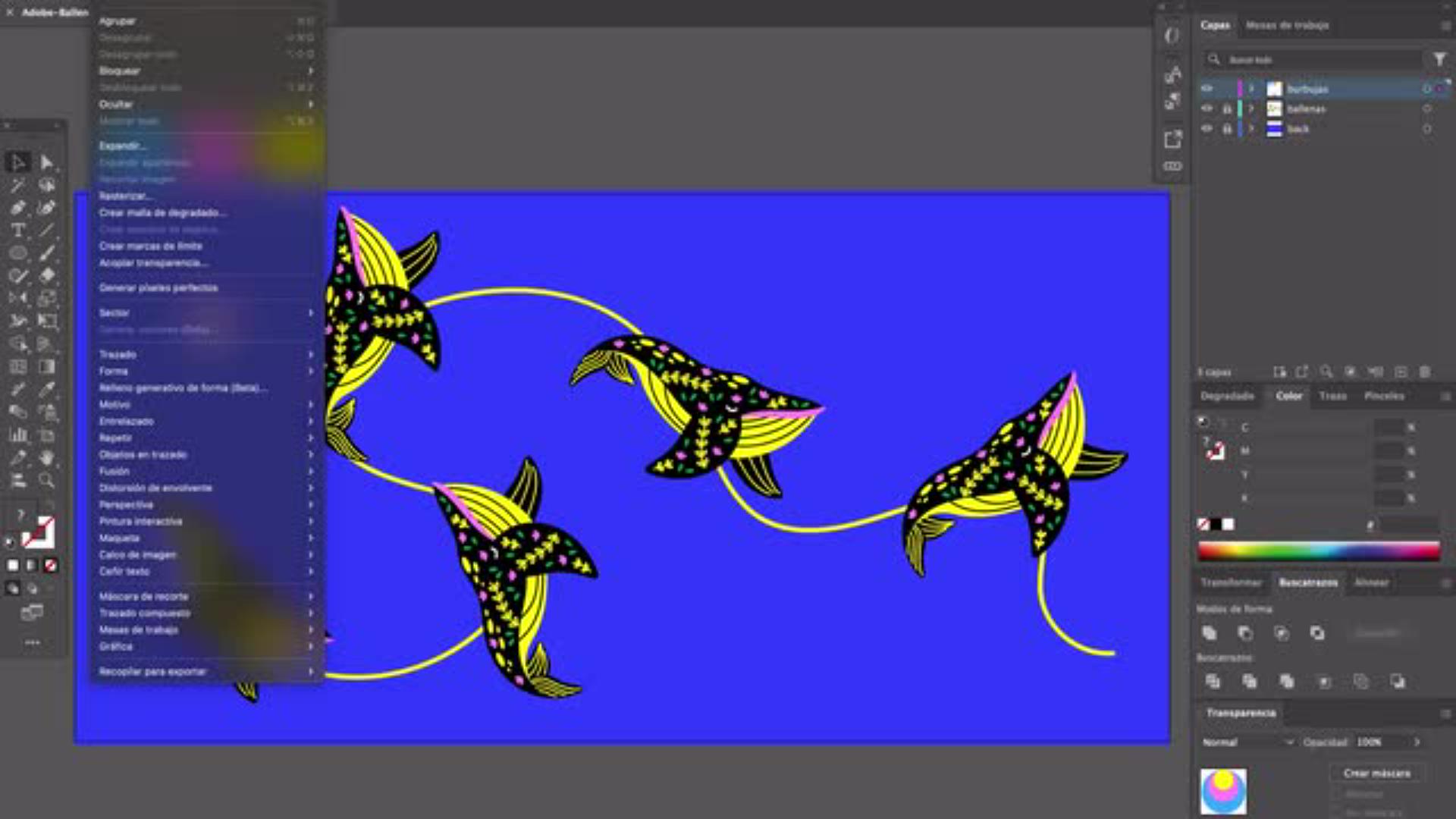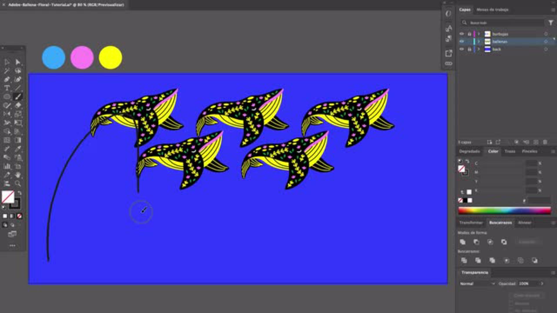 Sumérgete en este tutorial donde aprenderás a dominar la herramienta Objetos en trazado de Illustrator, una función que transformará la manera en que alineas y organizas tus diseños. A través de una ilustración vibrante con ballenas y burbujas en movimiento, descubrirás cómo dar ritmo y fluidez a tus creaciones, haciéndolas más eficaces y visualmente impactantes.
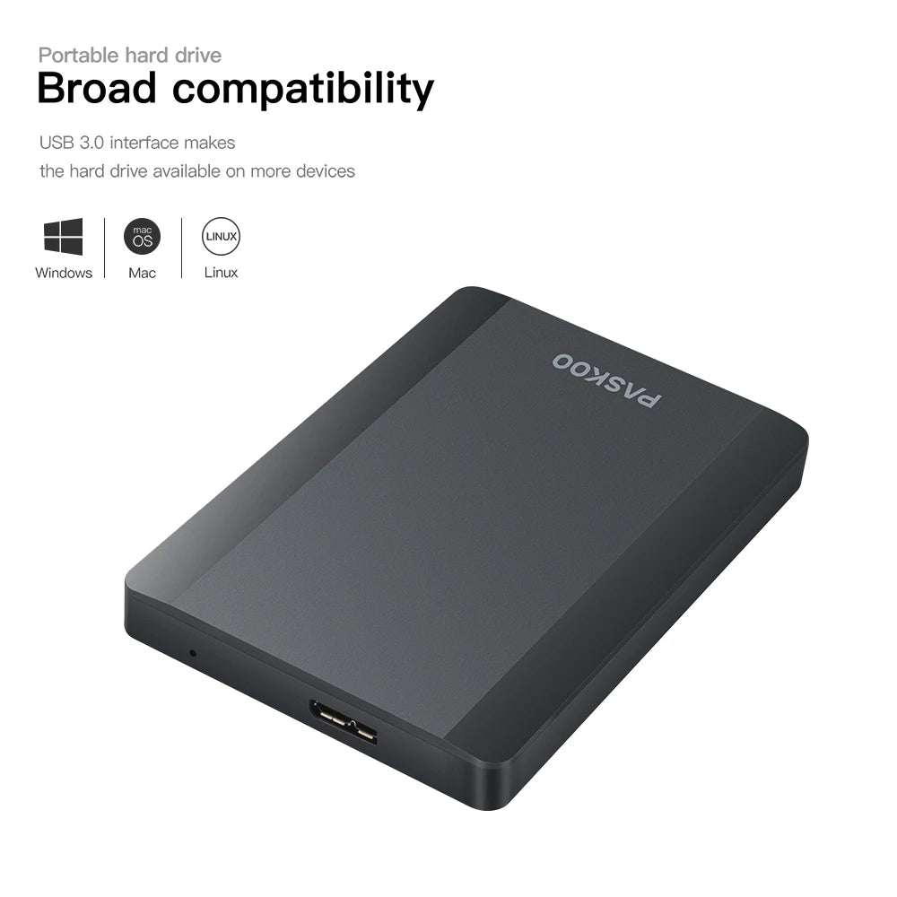 PASKOO HDD 2.5'' Portable External Hard Drive 500GB/1TB/2TB USB3.0 Storage Compatible for PC,Mac,Desktop,MacBook,Xbox
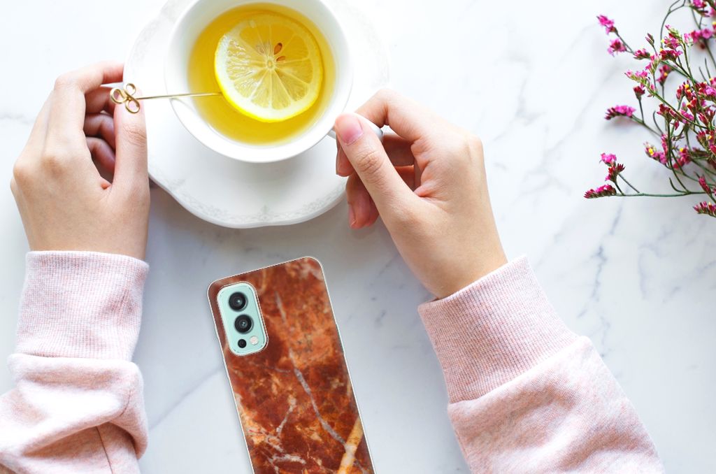 Dit design hoesje met Marmer Bruin is voor de artistieke personen onder ons. De Grieken en Romeinen wisten het al te waarderen door het als bouw- en bekledingsmateriaal toe te passen. Naast het witte Carrara marmer met haar zacht grijze geaderde belijning zijn de diverse soorten in een ruim kleurenpallet te krijgen. We hebben verschillende kleuren op design hoesjes gezet, zoals in dit geval bruin marmer. Dit is een OnePlus Nord 2 5G TPU Siliconen Hoesje met marmer in bruine kleur. Het marmer wordt bedrukt op de voorkant van een tpu case, die beschikt over opstaande randen aan de voorkant en heel goed combineert met een screenprotector. De rijkheid aan kleuren en varianties in afwerking geeft ontwerpers de vrijheid om met marmer hele mooie architectonische projecten te realiseren. Wij hebben onze designer ook veel vrijheid gegeven. Het resultaat zie je terug in deze tpu case met bruin marmer, die jouw smartphone goed beschermt. De zijkanten van de case worden niet bedrukt met marmer.

^^^^^^^^

The line containing "PASKOO HDD 2.5''" marks the end; please output exactly the lines of the listing above from its first line through that line, without pictures.

_Output below_.
 Sumérgete en este tutorial donde aprenderás a dominar la herramienta Objetos en trazado de Illustrator, una función que transformará la manera en que alineas y organizas tus diseños. A través de una ilustración vibrante con ballenas y burbujas en movimiento, descubrirás cómo dar ritmo y fluidez a tus creaciones, haciéndolas más eficaces y visualmente impactantes.
 PASKOO HDD 2.5'' Portable External Hard Drive 500GB/1TB/2TB USB3.0 Storage Compatible for PC,Mac,Desktop,MacBook,Xbox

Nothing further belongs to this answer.